No, I didn't call them names or shove them into lockers, but I was still a bully, just a bully with a different name. A bully called negligence. It's easy to disassociate yourself, to conveniently forget that you're there too, just passing by or heading to class. "Not my business," you say and keep walking. I'm guilty of it, of pretending the insults were really playful banter, the punch to the arm was really a friendly nudge; all the little things we notice but always refuse to see. All the people I talk to now tell me that bullying didn't happen too often at their schools. I didn't, huh? Perhaps I assume too much, but maybe they were all just similar to me, never acknowledging the truth.

Why then? Why lie about it, why store it away in some dark and dank corner of the brain? It's simple, the same reason I did: guilt. Every time I passed someone being bullied, a small voice (a voice I ignored) would tell me to do something. I was raised to stand up for myself and others, yet I couldn't say a word to a couple of thugs waling away on some poor sap? Of course not, because then I wouldn't have been a bystander anymore. You become a target the moment you decide to help. That fear, that inability to think of anyone other than yourself, that's what real bullying is. Bullying will never fade into nonexistence, no matter how many schools adopt some pathetic anti-bullying policy or threaten to suspend anyone caught bullying. Not as long as people keep facilitating it through non-action. We can all sit around and feel guilty about the people we didn't help as kids, hide the fact that we let down our friends and ourselves, but does that change anything? "Bullying is really terrible and should be stopped, but I think I'll let someone else someone else handle it." Wrong. That's the same attitude we've always had, just rephrased and in a slightly different context.

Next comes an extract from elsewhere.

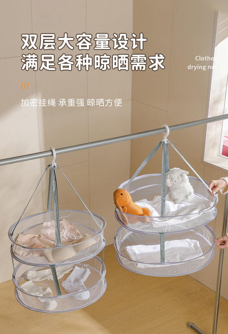 Deformable Multifunctional Large Clothes Drying Basket Double Layer Foldable Clothes Drying Net Underwear and Socks Drying Storage Net Wholesale

One of the people I mentioned earlier, Austin, was an autistic boy I went to elementary school with. Nobody in my class really knew what autism was, especially not Austin. We just thought it meant something was wrong with his head. He was "Austin the Autistic" to us; yeah, kids can be so clever, can't they? Kids played pranks on him, told him had to sit down to use the urinal, taunted him with words that inexplicably made him angry, and many other things as well. Sometimes I joined in as well. It was all in good fun, right? Teasing the weird kid? But underneath the laughter, I knew we were being cruel. I never stopped them in all the time I knew Austin. Eventually, his parents enrolled him in parochial school for a better environment. I haven't seen him in many years. Of all the kids I've seen bullied, his story has always bothered me the most. I want to apologize, but I've never had the chance. So Austin, I'm sorry. I'm sorry I made fun of you. I'm sorry I didn't stand up for you. I know it must have hurt to have been treated so poorly. Truly, I'm sorry.

I'm sure we all have a tale like this tucked into the pages of memory. Most probably feel the same sort of guilt I do towards it. So what can we do other than apologize to person that's no longer there? Well, I have an idea, a simple first step that everyone needs to take. Confess. Admit to the things we've done wrong. How can we ever hope to do good if we never recognize that we first did wrong? We have to confess that we're bullies too, bullies of a different kind, bullies of negligence.

I'll start. Teen Ink, don't make this anonymous. Don't prevent me or anyone else from doing the right thing. And if you all do, I'll try again and again until you don't. I'm Zachary W, and I was a bully. I pretended not to notice, not to care. I shrugged my shoulders and moved on. I was always a bully. But I'm not today. I'm not right now. I'm facing myself for the first time. I can never right past wrongs, but I can work to make the future better. And I'm starting right now, sharing everything with you. I will no longer stand idly by as my fellow human beings are degraded, cast aside, made to feel worthless. I will not let the hatred continue. I'm Zachary Wallis, and I've made my decision. Now it's your turn.